GOAL OF THE EXERCISE
Exact repetition of a range: find the line containing "25考研华南师范大学的宝子们" and the line containing "これはロスアザラシ(Ross" in the material below, then repeat both and all lines between them, leaving pictures out.

══ INPUT FOR THIS TASK ══

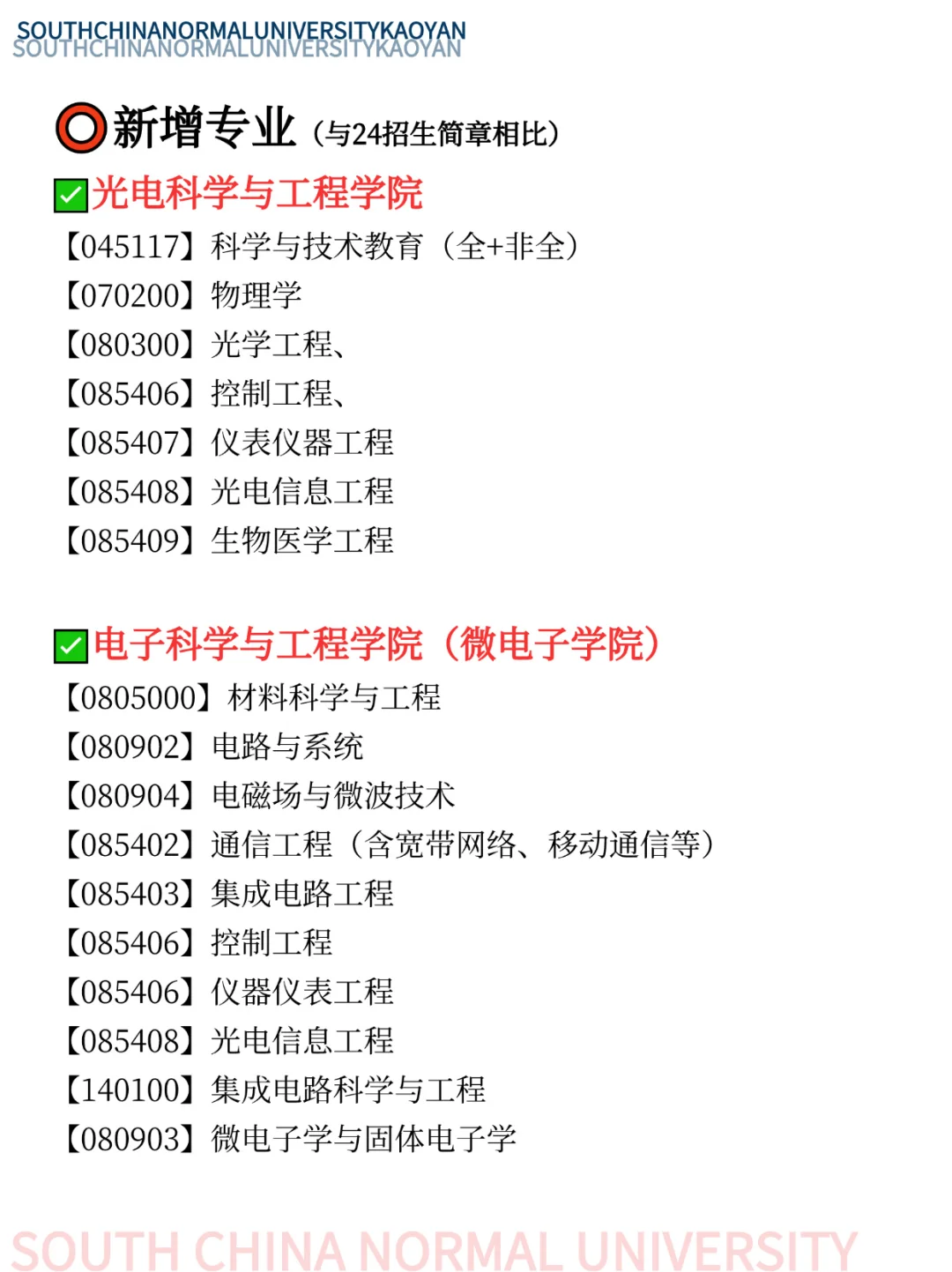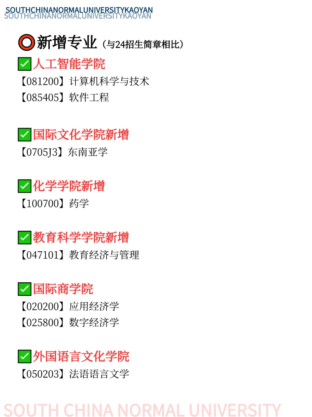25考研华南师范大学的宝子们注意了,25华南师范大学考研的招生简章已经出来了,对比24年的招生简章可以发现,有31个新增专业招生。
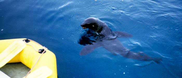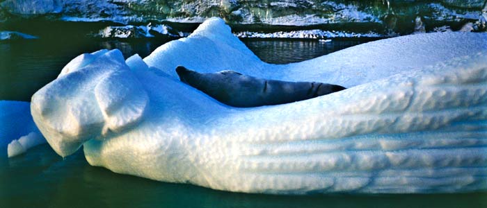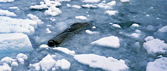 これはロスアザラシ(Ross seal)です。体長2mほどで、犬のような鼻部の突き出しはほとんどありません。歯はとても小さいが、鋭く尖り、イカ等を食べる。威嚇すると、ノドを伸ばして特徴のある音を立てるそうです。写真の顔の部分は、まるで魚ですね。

═══
══ INPUT FOR THIS TASK ══

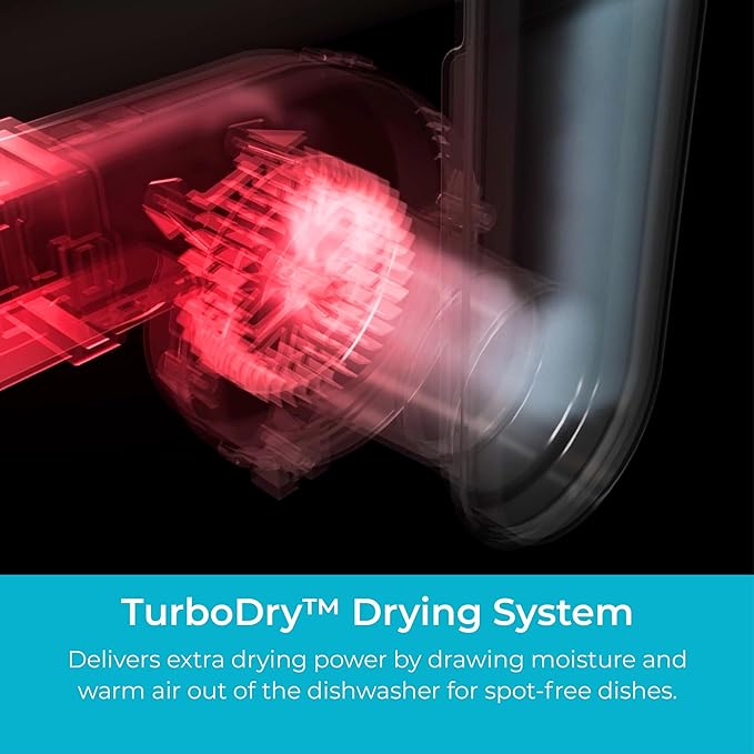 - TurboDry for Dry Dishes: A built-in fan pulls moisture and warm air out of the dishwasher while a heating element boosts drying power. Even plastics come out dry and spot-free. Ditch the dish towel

═══

REPLY TO THE TASK
25考研华南师范大学的宝子们注意了,25华南师范大学考研的招生简章已经出来了,对比24年的招生简章可以发现,有31个新增专业招生。
 これはロスアザラシ(Ross seal)です。体長2mほどで、犬のような鼻部の突き出しはほとんどありません。歯はとても小さいが、鋭く尖り、イカ等を食べる。威嚇すると、ノドを伸ばして特徴のある音を立てるそうです。写真の顔の部分は、まるで魚ですね。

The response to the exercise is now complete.